The latest release of shoulda-matchers, 1.4.2, now requires Mocha.  I’ve been using the RSpec stubbing library, but adding mocha to the project breaks one little part of RSpec stubbing.  While Mocha uses stubs to stub a method and RSpec uses stub, both use unstub if you need to unstub a single method.  This collision causes problems if you’re using RSpec to create the stub, because the call to unstub uses Mocha which then promptly fails to remove the RSpec stub!

The solution is to use the RSpec alias unstub! wherever you need to remove an RSpec stub – since Mocha doesn’t implement unstub!, you can continue to happily use the RSpec stubbing library and still successfully unstub RSpec stubs.

Make declarative_authorization play nicely with fakefs during testing

It appears that the demand-loading of config/authorization_rules.rb has problems when fakefs is turned on. If the first test in a sequence to trigger declarative_authorization checks has fakefs turned on, none of the rules will get loaded. The odds of this are slim, but if you have rspec doing randomization the odds increase if you are rerunning a single spec file.

The workaround is simple. Just force declarative_authorization to load the rules before any tests run. Just add the following to your spec/spec_helper.rb file:

# This ensures authorization rules are loaded prior to tests that use FakeFS
Authorization::Engine.instance

Monkey patching I18n.t in Rails

During the Ruby Hangout on Nov 7th, I suggested that it would be cool if instead of writing t 'path.to.my.string', one could instead write t.path.to.my.string. Josh Szmajda made the mistake of agreeing, and so I decided this would be a good challenge for me to learn some more Ruby tricks.

First of all, I poked into I18n and made a good discovery – the translate method is not particularly useful without passing parameters. This meant that I could use the case where there’s an empty list of parameters to return a Funky Object(TM) that would do something cool with method_missing. Also, I decided that since :t is simply an alias for :translate, I could choose to write my own t that would defer to translate when passed args and do my own thing when it wasn’t. Basically, I could write something like:

require 'i18n'

module I18n
  class << self
    def t(*args)
      if (args.empty?)
        # Do something cool here!
      else
        translate(*args)
      end
    end
  end
end

I did some quick testing and discovered that did indeed work. Now on to the tricky part.
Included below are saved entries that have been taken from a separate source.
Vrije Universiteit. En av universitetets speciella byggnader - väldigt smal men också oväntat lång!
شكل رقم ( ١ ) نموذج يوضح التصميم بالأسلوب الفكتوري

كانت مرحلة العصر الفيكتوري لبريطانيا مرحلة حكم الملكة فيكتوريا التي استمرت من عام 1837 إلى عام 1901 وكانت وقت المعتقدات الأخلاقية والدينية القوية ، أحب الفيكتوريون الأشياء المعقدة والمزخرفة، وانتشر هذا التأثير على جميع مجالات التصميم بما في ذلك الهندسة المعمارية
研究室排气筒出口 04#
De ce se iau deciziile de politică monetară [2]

Here’s the first version:

require 'i18n'

module I18n
  class << self
    def t(*args)
      if (args.empty?)
        translator = Object.new
        translator.instance_variable_set(:@path, '')
        def translator.method_missing(method_id, *args)
          raise StandardError, "No args please!" unless args.empty?
          @path = "#{@path}.#{method_id.to_s}"
          answer = I18n.translate(@path)
          answer.respond_to?(:keys) ? self : answer
        end
        translator
      else
        translate(*args)
      end
    end
  end
end

This creates a new Object object, then sets the instance variable @path on it to an empty string, and then sets up method_missing on that object to handle arbitrary methods. It looks them up using I18n.translate in whatever path is currently active. If the returned thing behaves like a Hash, then we presume we’re going to need to do this again, and so we just return self so the next method call can follow along. On the other hand, if we gotten to something that doesn’t look like a Hash, then we just return that and we’re done.

The only problem with this approach is that there are a whole bunch of methods defined in Object that can’t be used as keys. For instance, if you have the key inspect in your locale file, you’re out of luck getting to it with this notation.
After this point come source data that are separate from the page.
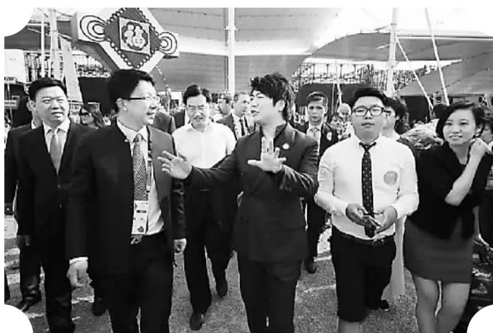
“聆听深圳——郎朗和他的城市”音乐会在米兰世博会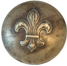
Variant # 1, Forside Dimension, Ø: 13 mm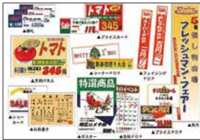
お店のPOP、広告ちらし制作

支給額 職業訓練受講手当 月額 10 万円、および通所手当 (通所経路に応じた所定の額)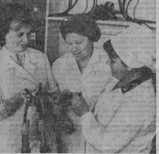
ПРИЯТНОГО АППЕТИТА! В Сибиргинской автобазе появился необычный автомобиль с яркой надписью на борту: «Тайга». Это передвижная столовая. Она обслуживает водителей непосредственно на линии. Сибиргинцы вывозят уголь и вскрышные породы разреза «Междуреченский». Заведет здесь в уловленный час «Тайгу», к ней устремятся все машины автобазы. В уютном, теплом салоне распложены столики, здесь можно попить руки, шоферы получают термосы с горячим питьем. Т. БУЛДАКОВА, г. Междуреченск.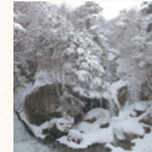
竜頭の滝 所要時間：車で約8分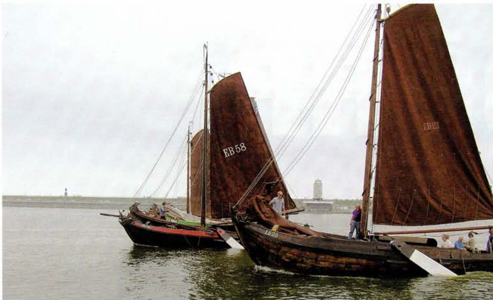
10 juni 2007 om 15.00 uur. De plechtigheid gezien vanaf het officiële schip de Noord-Holland. Tijdens het passeren van dit schip werd in groepjes van vier schepen de fok gestreken als eerbetoon aan de verdwenen Zuiderzeevisserij. Op de achtergrond het Monument (op de plaats waar dijk in 1932 werd gesloten).

wat samen met de Zuiderzee verdwenen is door de aanleg van de Afsluitdijk. In het bijzijn van het schip Noord-Holland van Rijkswaterstaat met daarop de Commissaris van de Koningin en de burgemeesters van Wieringen en Wonseradeel streken de deelnemende schepen gelijktijdig de fok om deze na passen weer te hijsen. Het was een goed gevoel dat na alle festiviteiten rond het 75-jarig bestaan van de Afsluitdijk nu ook werd stilgestaan bij alles wat door de Afsluitdijk verloren is gegaan.

So I decided to try to swap in BasicObject for Object. This took me a little longer to figure out since I still needed a way to call instance_variable_set. I finally came up with the following. It may not be the best way to handle this, but it’s what I stumbled upon.

module I18n
  class << self
    def t(*args)
      if (args.empty?)
        translator = BasicObject.new
        def translator.__instance_variable_set(sym, obj)
          ::Object.instance_variable_set(sym, obj)
        end
        translator.__instance_variable_set(:@path, '')
        def translator.method_missing(method_id, *args)
          raise StandardError, "No args please!" unless args.empty?
          @path = "#{@path}.#{method_id.to_s}"
          answer = I18n.translate(@path)
          answer.respond_to?(:keys) ? self : answer
        end
        translator
      else
        translate(*args)
      end
    end
  end
end

I add another singleton that can call ::Object.instance_variable_set for me. I have no idea what this syntax is actually doing – I stumbled upon it by looking at the documentation on BasicObject in the Pickaxe Book. But it works! When I use I18n.t.hash_name in irb I get translation missing: en.hash_name.inspect – note that .inspect on the end that results because it tries to look up the inspect message that irb sends the result!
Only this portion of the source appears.